INFO:2017-09-22 05:58:52,828:conn1 sending b'^abc$de^abte$f'
INFO:2017-09-22 05:58:52,828:conn0 sending b'^abc$de^abte$f'
INFO:2017-09-22 05:58:52,828:conn1 received b'b'
INFO:2017-09-22 05:58:52,828:conn0 received b'b'
INFO:2017-09-22 05:58:52,867:conn1 received b'cdbcuf'
INFO:2017-09-22 05:58:52,867:conn0 received b'cdbcuf'
INFO:2017-09-22 05:58:53,829:conn1 sending b'xyz^123'
INFO:2017-09-22 05:58:53,829:conn0 sending b'xyz^123'
INFO:2017-09-22 05:58:53,830:conn1 received b'234'
INFO:2017-09-22 05:58:53,831:conn0 received b'2'
INFO:2017-09-22 05:58:53,831:conn0 received b'34'
INFO:2017-09-22 05:58:54,831:conn1 sending b'25$^ab0000$abab'
INFO:2017-09-22 05:58:54,832:conn1 received b'36bc1111'
INFO:2017-09-22 05:58:54,832:conn0 sending b'25$^ab0000$abab'
INFO:2017-09-22 05:58:54,833:conn0 received b'36bc1111'
INFO:2017-09-22 05:58:55,032:conn1 disconnecting
INFO:2017-09-22 05:58:55,032:conn2 connected...
INFO:2017-09-22 05:58:55,033:conn2 sending b'^abc$de^abte$f'
INFO:2017-09-22 05:58:55,033:conn0 disconnecting
INFO:2017-09-22 05:58:55,034:conn2 received b'b'
INFO:2017-09-22 05:58:55,071:conn2 received b'cdbcuf'
INFO:2017-09-22 05:58:56,036:conn2 sending b'xyz^123'
INFO:2017-09-22 05:58:56,036:conn2 received b'234'
INFO:2017-09-22 05:58:57,037:conn2 sending b'25$^ab0000$abab'
INFO:2017-09-22 05:58:57,038:conn2 received b'36bc1111'
INFO:2017-09-22 05:58:57,238:conn2 disconnecting

Recall the behavior of previously discussed servers:

In the sequential server, all connections were serialized.
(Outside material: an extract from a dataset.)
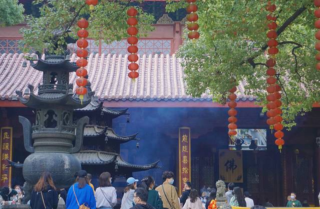 出于尊重,进寺庙是不能拍菩萨佛祖的,但是氛围又极好,烟雾缭绕下,善男信女们熙熙攘攘,都很虔诚的求着自己的心愿。

One finished, and only then the next started.
In the thread-per-client server earlier in this post, all connections wer accepted and serviced concurrently.
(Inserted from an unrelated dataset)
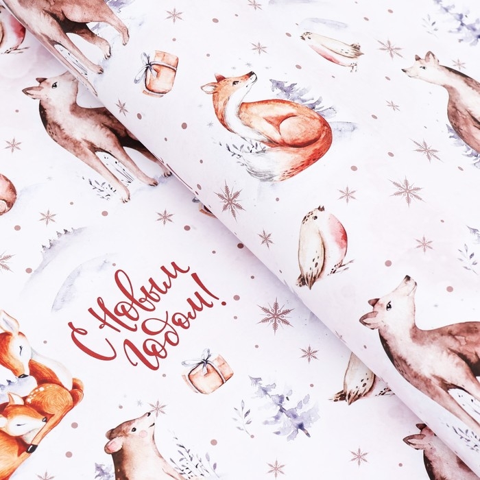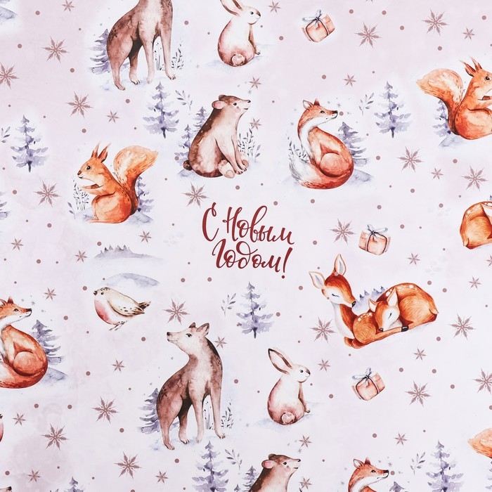 Новый год. Бумага упаковочная глянцевая "Зверята ", 70 х 100 см,1 лист,

Here we see another possibility: two connections are serviced concurrently, and only when one of them is done the third is admitted. This is a direct result of the thread pool size set to 2. For a more realistic use case we'd set the thread pool size to much higher, depending on the machine and the exact protocol. This buffering behavior of thread pools is well understood - I've written about it more in detail just a few months ago in the context of Clojure's core.async module.

Summary and next steps

This post discusses multi-threading as a means of concurrency in network servers. The one-thread-per-client approach is presented for an initial discussion, but this method is not common in practice since it's a security hazard.

Thread pools are much more common, and most popular programming languages have solid implementations (for some, like Python, it's in the standard library). The thread pool server presented here doesn't suffer from the problems of one-thread-per-client.
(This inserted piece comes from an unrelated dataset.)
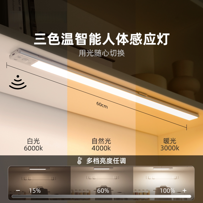 led充电橱柜灯人体感应灯无线磁吸衣柜鞋柜灯展示柜夜间柜子入户

However, threads are not the only way to handle multiple clients concurrently. In the next post we're going to look at some solutions using asynchronous, or event-driven programming.

[1]

To be fair, modern Linux kernels can tolerate a significant number of concurrent threads - as long as these threads are mostly blocked on I/O, of course. Here's a sample program that launches a configurable number of threads that sleep in a loop, waking up every 50 ms. On my 4-core Linux machine I can easily launch 10000 threads; even though these threads sleep almost all the time, they still consume between one and two cores for the context switching. Also, they occupy 80 GB of virtual memory (8 MB is the default per-thread stack size for Linux). More realistic threads that actually use memory and not just sleep in a loop can therefore exhaust the physical memory of a machine fairly quickly.

[2]

Implementing a thread pool from scratch is a fun exercise, but I'll leave it for another day. I've written about hand-rolled thread pools for specific tasks in the past. That's in Python; doing it in C would be more challenging, but shouldn't take more than a few of hours for an experienced programmer.